Tombe de Denis Dussoubs

Tombe de Denis Dussoubs

Tombe de Denis Dussoubs
Wikimedia (Silvanoc)
Denis Dussoubs (1818 - 1851)
Cette tombe abrite la dernière demeure du républicain Denis Dussoubs (1818-1851). Après avoir participé à la révolution de 1848, il s’opposa au coup d’État de 1851 : il revêtit l’écharpe tricolore de son frère député socialiste pour se rendre sur la barricade de la rue Montorgueil à Paris. S’avançant seul et désarmé face à la troupe pour convaincre les soldats de se rallier à la République, il y mourut d’une balle de fusil. Il devint ainsi, à l’instar d'Alphonse Baudin ou plus tard de Victor Noir, un martyr républicain et c’est en tant que tel que son tombeau est connu.

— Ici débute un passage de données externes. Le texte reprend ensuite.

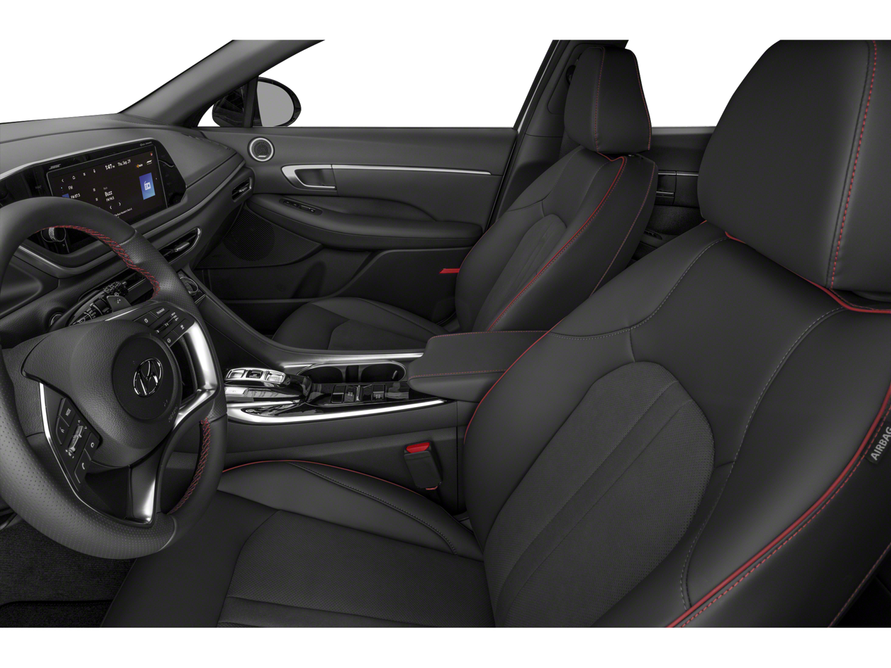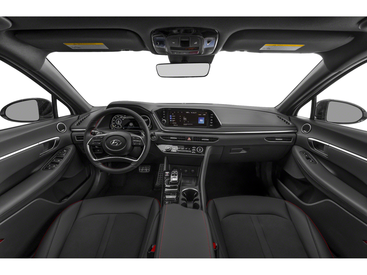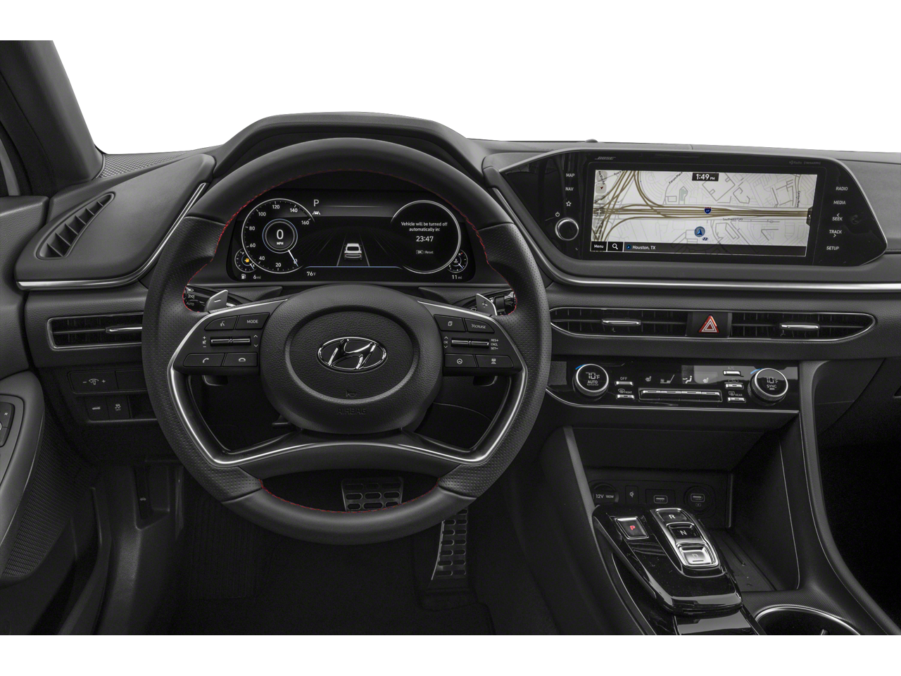 This 2023 Hyundai Sonata is equipped with Option Group 01, Preferred Accessory Package (Cargo Block, Cargo Side Bins, and First Aid Kit), Black Artificial Leather, Navigation System, 12 Speakers, 19 x 8.0J Aluminum Alloy Wheels, 4-Wheel Disc Brakes, ABS brakes, Air Conditioning, Alloy wheels, AM/FM radio: SiriusXM, Apple CarPlay & Android Auto, Auto High-beam Headlights, Auto-dimming Rear-View mirror, Automatic temperature control, Brake assist, Bumpers: body-color, Carpeted Floor Mats, Delay-off headlights, Driver door bin, Driver vanity mirror, Dual front impact airbags, Dual front side impact airbags, Electronic Stability Control, Emergency communication system: Blue Link Connected Car Service (3-year complimentary subscription), Exterior Parking Camera Rear, Four wheel independent suspension, Front anti-roll bar, Front Bucket Seats, Front Center Armrest, Front dual zone A/C, Front reading lights, Fully automatic headlights, Heated door mirrors, Heated Front Bucket Seats, Heated front seats, Illuminated entry, Knee airbag, Leather steering wheel, Leatherette/Suede Combination Seating Surfaces, Low tire pressure warning, Occupant sensing airbag, Outside temperature display, Overhead airbag, Overhead console, Panic alarm, Passenger door bin, Passenger vanity mirror, Power door mirrors, Power driver seat, Power moonroof, Power steering, Power windows, Radio data system, Radio: AM/FM/MP3/HD/SiriusXM Display Audio w/Nav, Rear anti-roll bar, Rear seat center armrest, Rear side impact airbag, Rear window defroster, Remote keyless entry, Security system, Speed control, Speed-sensing steering, Speed-Sensitive Wipers, Split folding rear seat, Steering wheel mounted audio controls, Tachometer, Telescoping steering wheel, Tilt steering wheel, Traction control, Trip computer, Trunk Cargo Net, Turn signal indicator mirrors, and Variably intermittent wipers.

Denis Dussoubs par Auguste Collard
Sur la stèle, un bas-relief en bronze représente au centre, une barricade ; à droite, Denis Dussoubs, debout, étendant la main droite dans la direction d’un peloton de soldats qui le mettent en joue ; à gauche, un officier, le sabre levé, commande l’exécution ; au second plan, près de Denis Dussoubs, un soldat, muni d’une lanterne, éclaire la figure du combattant afin qu’on le puisse viser sûrement. Cette clarté permet de lire le nom de la rue « Mauconseil ». Une couronne de laurier et une palme en bronze sont fixées dans la stèle au-dessus du bas-relief. Sur la face postérieure du monument, ces mots : « Je meurs avec la République », ce fut sa dernière parole (Victor Hugo, Histoire d’un crime). L’ensemble des ornements de ce tombeau, élevé au moyen d’une souscription démocratique en 1880, fut réalisé par le sculpteur Charles Capellaro.
Charles Capellaro (1826- 1899) était un statuaire de talent, titulaire de trois médailles à des expositions nationales. Il s’engagea comme garde au 195e bataillon de la Garde Nationale et devint délégué de la légion au Comité Central. Membre de la délégation municipale du XIe arrondissement, il appartint à la commission qui fit réquisitionner et brûler la guillotine devant la mairie du XIe. Il fut condamné en 1872 à la déportation simple en Nouvelle-Calédonie.